Let’s close by highlighting three important aspects of loading data into vector databases, using Pinecone as an example. First, when we write vectors to a vector database, it’s critical that we store both content (the embedding weights themselves) and context (the metadata associated with the chunks that generated these embeddings). This context supports hybrid search using metadata filtering combined with semantic search, as well as re-ranking logic that uses scores associated with the content. The hierarchy of the document chunks themselves is also important context and is captured by Datavolo’s data provenance capabilities to support advanced RAG patterns like small-to-big.  

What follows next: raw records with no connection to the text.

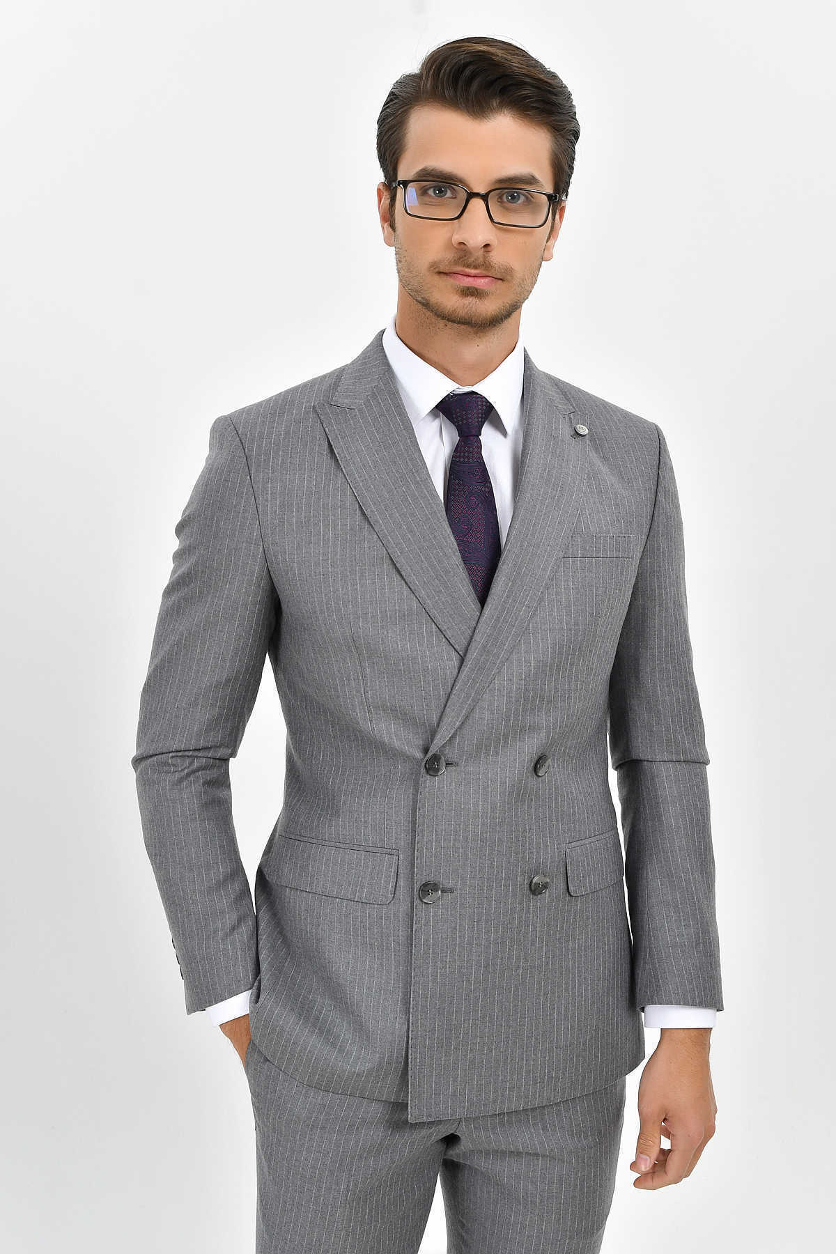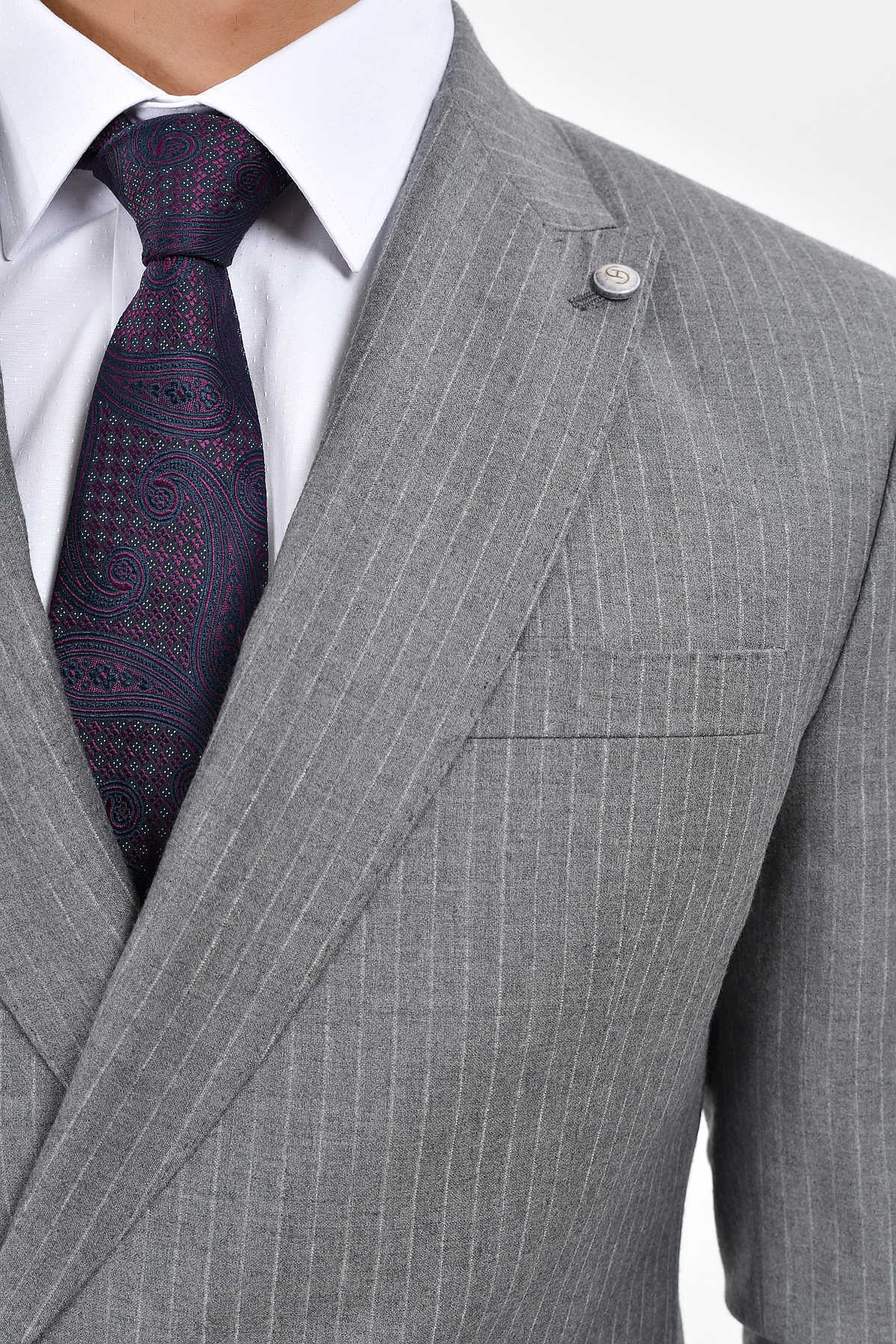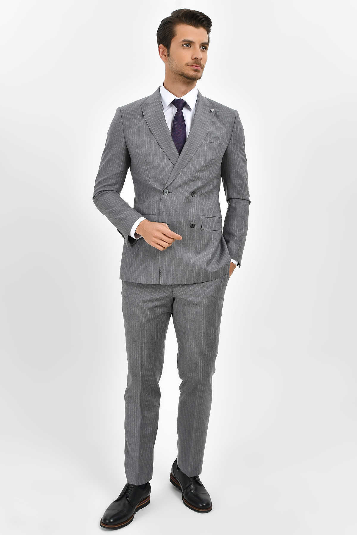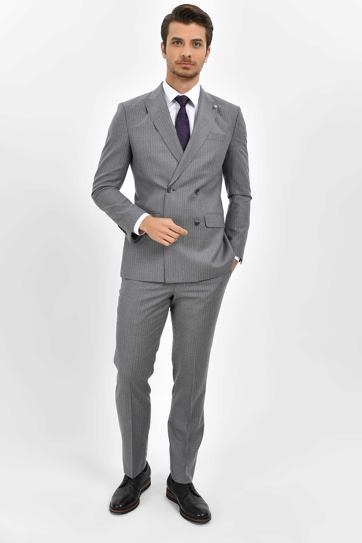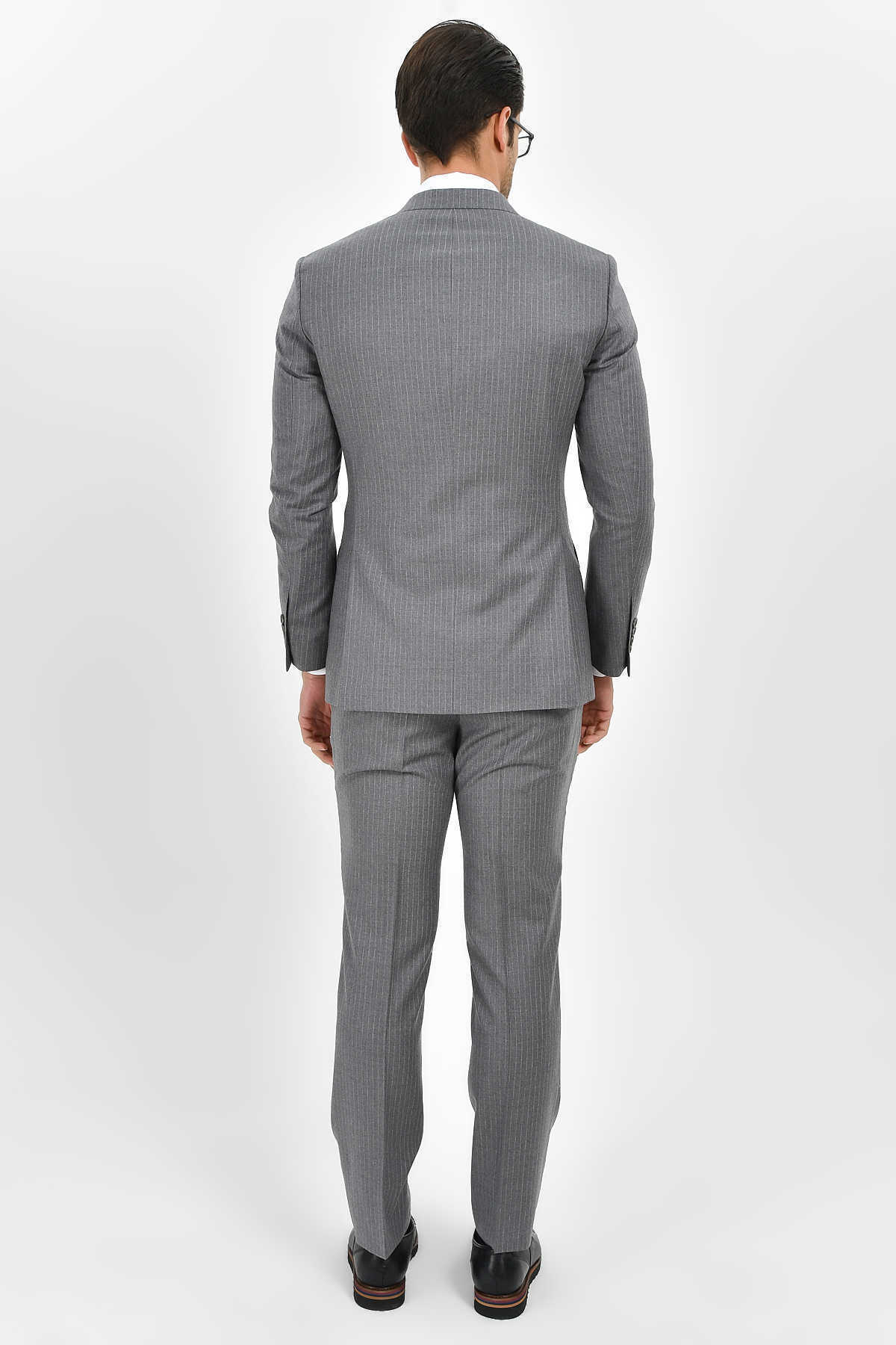 Çizgili Slim Fit Gri Takım Elbise
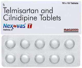 Nexovas T Tablet is used to treat high blood pressure (hypertension) and chest pain (angina). Its combination of Cilnidipine and Telmisartan relaxes blood vessels, improves heart function, and reduces the risk of heart attack, stroke, and kidney damage.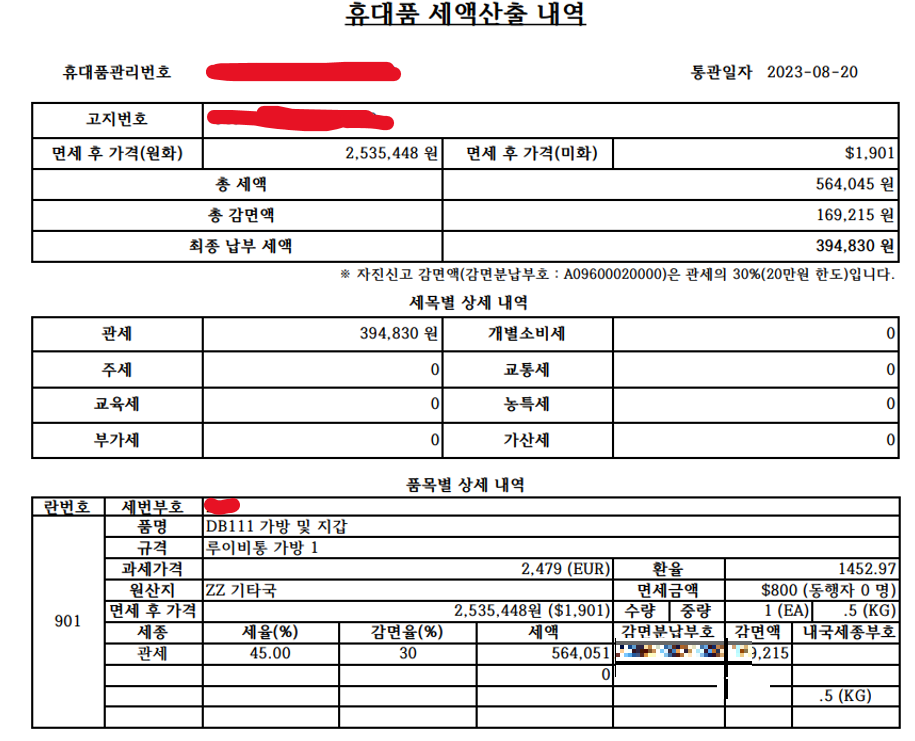 꼭 관세 납부하고, 관세납부증명서 발급 받아서 가방 교환에 성공하시길 바랍니다.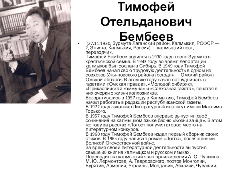 Калмыкия, Россия) — калмыцкий поэт, переводчик.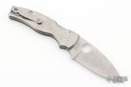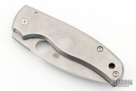 This Shaman Pln by Spyderco features a stonewashed spear point blade with notched thumb and finger rests, thumbhole. The handle has custom Ripp's Garage Tech titanium backspacer and scales, comes with original black G-10 scales, inlaid stainless steel liners and a stonewashed stainless steel backspacer, 4-way reversible Lynch NW clip, lanyard hole at the butt. Comes with original box and papers. Excellent Condition.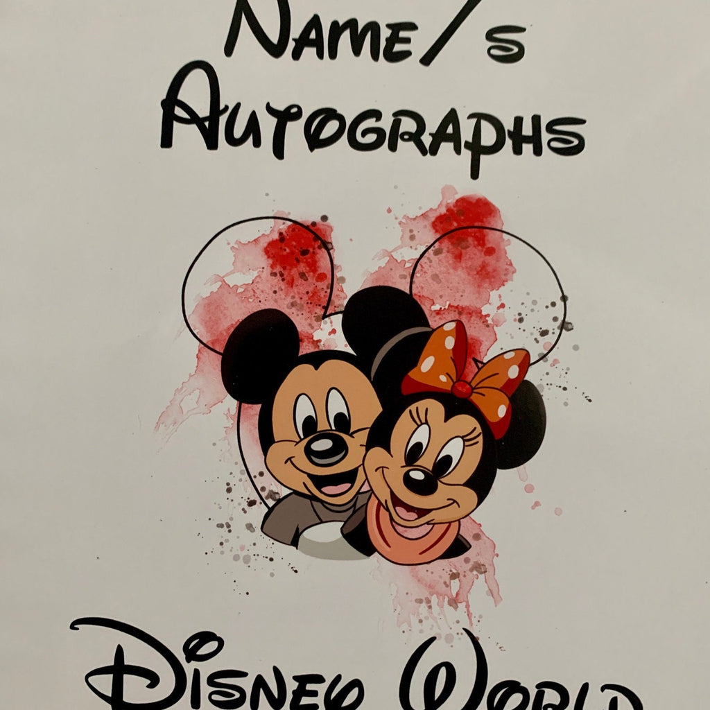 Personalised Splash Disney Autograph Book, Autograph Album, Disney Memories, Scrapbook/Journal/Book, Mickey or Minnie, Disneyland 8" x 8 "

The second is that to empower data engineers to empirically evaluate retrieval effectiveness, Datavolo can dynamically populate different namespaces within a Pinecone index, based on combinations of different chunking and parsing strategies, supporting retrieval evaluation and A/B testing.

Finally, as Datavolo provides a continuous and automated platform for data ingestion, it’s important that changing data is captured appropriately as it’s sourced and fed to retrieval systems. As mentioned in the List/Fetch pattern, change is recognized via tracking strategies as new events and versions arrive at the source. Datavolo makes use of Pinecone’s upsert pattern, as well as selectively purging previously written records, to assure change is persisted appropriately without giving rise to expensive re-indexing operations.

Conclusion

Datavolo helps make advanced document processing secure, continuous, and easy. In addition to proving enterprise grade production data pipelines, effective document processing is an iterative process and Datavolo allows for rapid iteration and prototyping of different processing strategies.